Clinical trials cannot be perfectly representative of the entire population; it is more efficient for them to select participants for whom a given therapy is most likely to have benefit.32 Our finding that a minority of NHANES respondents who received an SGLT2 inhibitor would have met trial inclusion criteria for EMPA-REG highlights another potential concern with the generalizability of these trials. While the confidence intervals for our estimates were wide, these preliminary findings point to an area where ongoing surveillance in the form of observational studies could be useful to both quantify effect sizes in real-world (vs trial) populations and possibly help redirect prescribing to more appropriate populations.

This study has several limitations. First, because of coding differences for variables in NHANES and the EMPA-REG trial, some characteristics, such as race, could not be compared. Moreover, this study could not differentiate NHANES respondents diagnosed with type 1 versus type 2 diabetes, but because type 2 diabetes in over 17 times more prevalent, misclassifications were unlikely to significantly affect results.33 Relatedly, it is possible that some individuals did not meet the hgba1c cutoff for either the primary or secondary analysis because of improved control on anti-diabetic regimens, specifically SGLT2 inhibitors, as it relates to the latter analysis. Additionally, cardiovascular risk in NHANES is assessed via self-report rather than the more detailed medical information available to trial recruiters, so some NHANES respondents may or may not have been classified as high cardiovascular risk according to trial protocols, though it is unclear if the average primary care clinician makes decisions with information closer to that contained in NHANES questions or the EMPA-REG trial data. Furthermore, the sample size of NHANES respondents receiving an SGLT2 inhibitor from 2015 to 2018 was small, limiting our ability to make comparisons. While it is possible that individuals can be prescribed SGLT2 inhibitors for multiple indications, it is less likely that that was the case in this analysis as our study period predates the trials of SGLT2 inhibitors for use in kidney disease and heart failure.34, 35 Future studies should more fully characterize the demographic, clinical, laboratory, and medication differences between those prescribed SGLT2 inhibitors and those who were included in these more recent trials. Finally, this study did not assess all inclusion and exclusion criteria from the EMPA-REG protocol, including some subjective considerations, such as whether a prospective trial participant would be able to make follow-up visits and might therefore overestimate the percent of individuals meeting inclusion criteria.

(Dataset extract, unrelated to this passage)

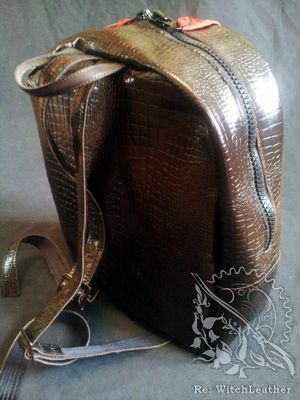 Выполнен из натуральной кожи PU*, толщина 2,1-2,2 мм, российского производства. Кожа-компаньон красная, лаковая, 1,2-1,4 мм итальянского производства. Лямки регулируемые до 82 см. Габариты 32*28*12 Съемный брелок в виде глаза рептилии. Подкладка из прочной ткани (габардин) коричневого цвета. Одно основное отделение на молнии, имеется внутренний карман на молнии, вместительный карман на передней стенке. * PU кожа- это высокотехнологичный материал нового поколения. После расслоения кожи на второй (не лицевой слой) наносится полимер, эта кожа приобретает ряд полезных свойств, что дает ей неоспоримые преимущества над натуральной кожей, такие как: — высокая износоустойчивость — лишена вредных добавок, PU кожа — экологична — имеет приятные тактильные свойства — устойчива к износу по сравнению с обыкновенной кожей — PU кожа не растягивается и не трескается — устойчива к действию низких и высоких температур

This study builds on the current literature by exploring in more detail the differences between patients included in the EMPA-REG trial and the general US population with diabetes. Our findings demonstrate how the trial population differed significantly from a nationally representative sample in multiple domains and that few individuals with diabetes or who receive SGLT2 inhibitors would have met EMPA-REG trial eligibility criteria, which highlights the more general difficultly in applying the literature to clinical decision-making. Clinical trialists might address this issue by selecting inclusion and exclusion criteria with the expressed purpose of closely matching the population in which the drug will be used and providing clearer comparisons of how the trial population compared with the general population in which the drug might be marketed. These results suggest that observational research comparing trial populations with relevant real-world populations across multiple classes of variables could provide useful data to support clinicians attempting to apply the results from a trial to their own patients. Finally, clinicians should be mindful of the possible limitations of trial generalizability when making prescribing decisions for individual patients.